Employer stealing my 4 year old side project - minton

I've been working on a side project for nearly four years now. About a year ago I signed an employment contract with my new employer. This contract contained that standard clause stating whatever I work on belongs to them even if I work outside normal business hours.<p>My employer said he's cool with me working on side projects and that he has no problem with it. However, I do not have this in writing. I thought this was good enough until...<p>Recently another co-worker, Tom, was laid off and my employer brought up the book Tom had written and said technically it belonged to him. This scared me enough to realize I need to get something in writing and fast.<p>That leads me to the question on what exactly should I have him sign? Do I really need to get a lawyer to draft this or can I put something together myself?
======
vph
>My employer said he's cool with me working on side projects and that he has
no problem with it.

He could be cool and having no problem with your side job, and still claim
ownership of it.

------
chmike
You should check your IP laws in your country. I'm in France but IP principle
must be common to many countries.

As soon as you create something, you are the author and you own the IP. Your
employer can only claim ownership if the creation was made during an explicit
(written) mission to do so, by contract or if the creation was made by using
"means" of the company (e.g. PC, data, time,...). The burden of proof is then
on your employer, not you.

You can retain partial ownership if you can prove that only part of the
product were made in the condition yielding ownership to your employer.
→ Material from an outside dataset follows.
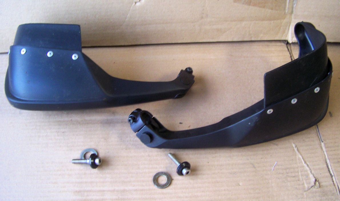 Good usable condition set of hand guards with mounting clamps for all R1150GS bikes. The guards have spoilers riveted on the top edges for extra wind protection. Can also be fitted to R1150R bikes.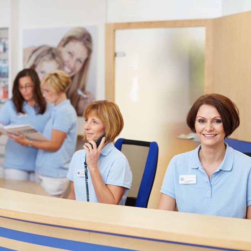 In unserer Praxis arbeiten Ärzte, Zahntechniker, Prophylaxefachkräfte und medizinische Fachangestellte unter einem Dach Hand in Hand gut zusammen.

Remember that it is the employer that has to justify his claim of ownership,
assuming you are the author and this is not contested. If such physical proofs
would by accident disappear, then your employer could have a hard time to
claim any ownership. But keep in mind the perfect "crime" doesn't exist. He
might have copy of your stuff, witnesses, mails referring to the creation,
etc.

The best would be that he never heard of your side project in the first place
and that you never used any means (e.g. PC, data, storage, time,...) of the
company to create and work on your stuff.

Now you know why it was 'Ok' for him that you worked on your side project.
Don't waste your time with written things. Get your stuff away of him, if it
is still possible. You will be in a much better position to negotiate if this
should happen.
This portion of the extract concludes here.